The Quilted Multiverse, Jill Munro
Fair Acre Press, 2016 £4.99
Stitching a collection
The poem from which this pamphlet takes its title—‘The Quilted Multiverse of Gardens’—offers the image of a ‘patchwork quilt / of urban Edens’: backgardens spotted from a train carriage.

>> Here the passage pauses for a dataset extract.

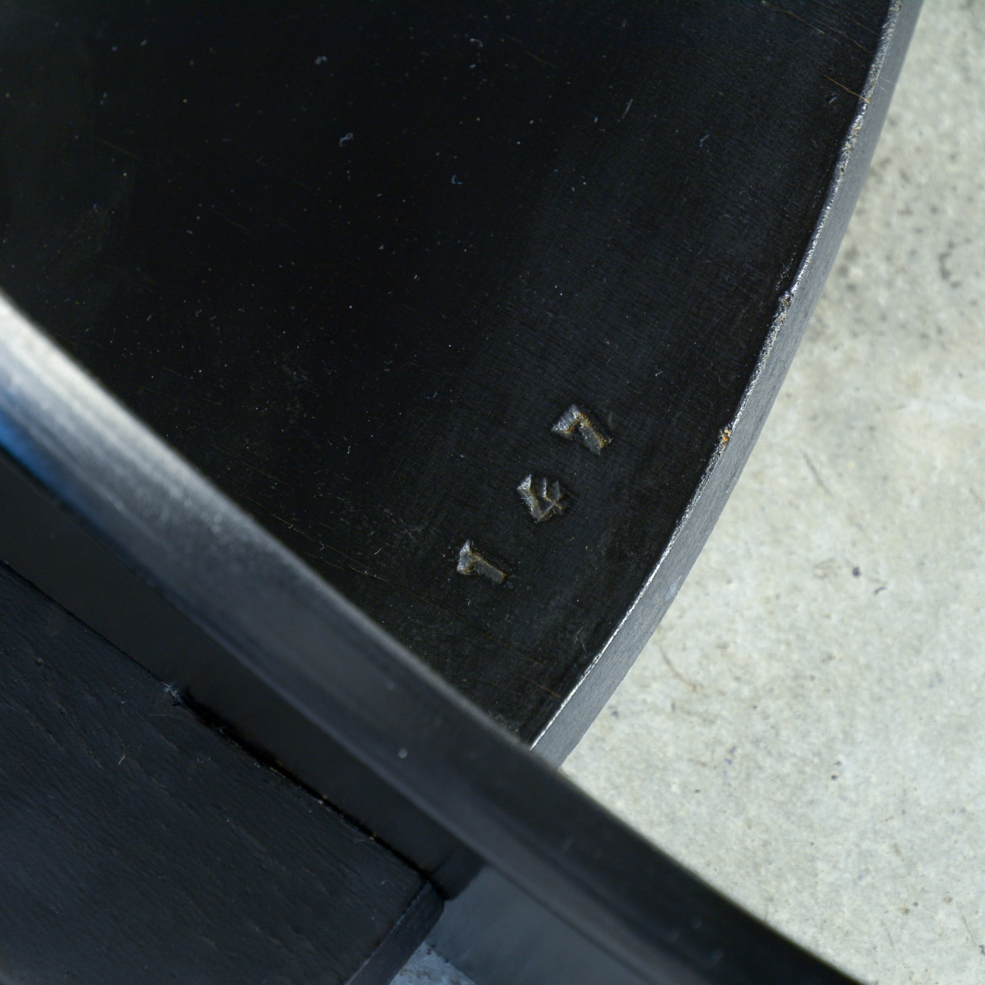 This sculptural chair is made of 3 moulded and black lacquered plywood parts, which fit perfectly together without screws or glue. This icon of 1960s design is numbered.

This poem ends memorably with its ‘floral-aproned grandma’ bouncing on ‘a huge brilliant blue trampoline’. The ‘quilt’ leading up to that has been stitched from various urban textures: among others, creosote, barbed wire, laurel bush, red stock bricks, a ‘holey tennis net’.
The facing poem is shaped on the page like ‘The Red Scarf’ of its title:
my scarf
bright green
yours was red
I did as
You said
every year
I did as
You said
I’m intrigued by those capital ‘Y’s —maybe, among other things, they depict the red scarf looped ‘onto this branch’?
‘Hooked’ begins
It’s not a crook I use
to hook the perfect man
It seems to me it could almost serve as an outline for this poetic process:
… choices
to be made in the witchery
of turning a single, thin
spun yarn to whatever
purpose I may choose:
squared shawl for a granny
soft cover for a baby
beanie for a boy-next-door…
The colourful collection wends its way through various scenarios, characters and fabrics. ‘We’re pinnied’ at the start of ‘The Mix’, served by a ‘green-striped girl’ in ‘Checkout’, watch as ‘Rose Grows Old’, reaching for ‘a tarnished hipflask’ from an ‘inner pocket in her wool’.
Alice trips through Wonderland in ‘Girl in a Bright Blue Dress’, and ‘croquets her footsteps’. And movingly a lost sister is recalled, in ‘Linda’s Bedroom’: her floor ‘strewn with Simplicity patterns // for minis and hot-pants; velvet, crimping shears, / hooks & eyes.’
It seems striking, then, that the whole patchwork should end as it does—without a single stitch—in ‘Down Hill Road’. Here, having shed her winter coats, ‘Eileen’ wheels ‘her plaid shopping trolley / chilled, stark naked, down Hill Road.’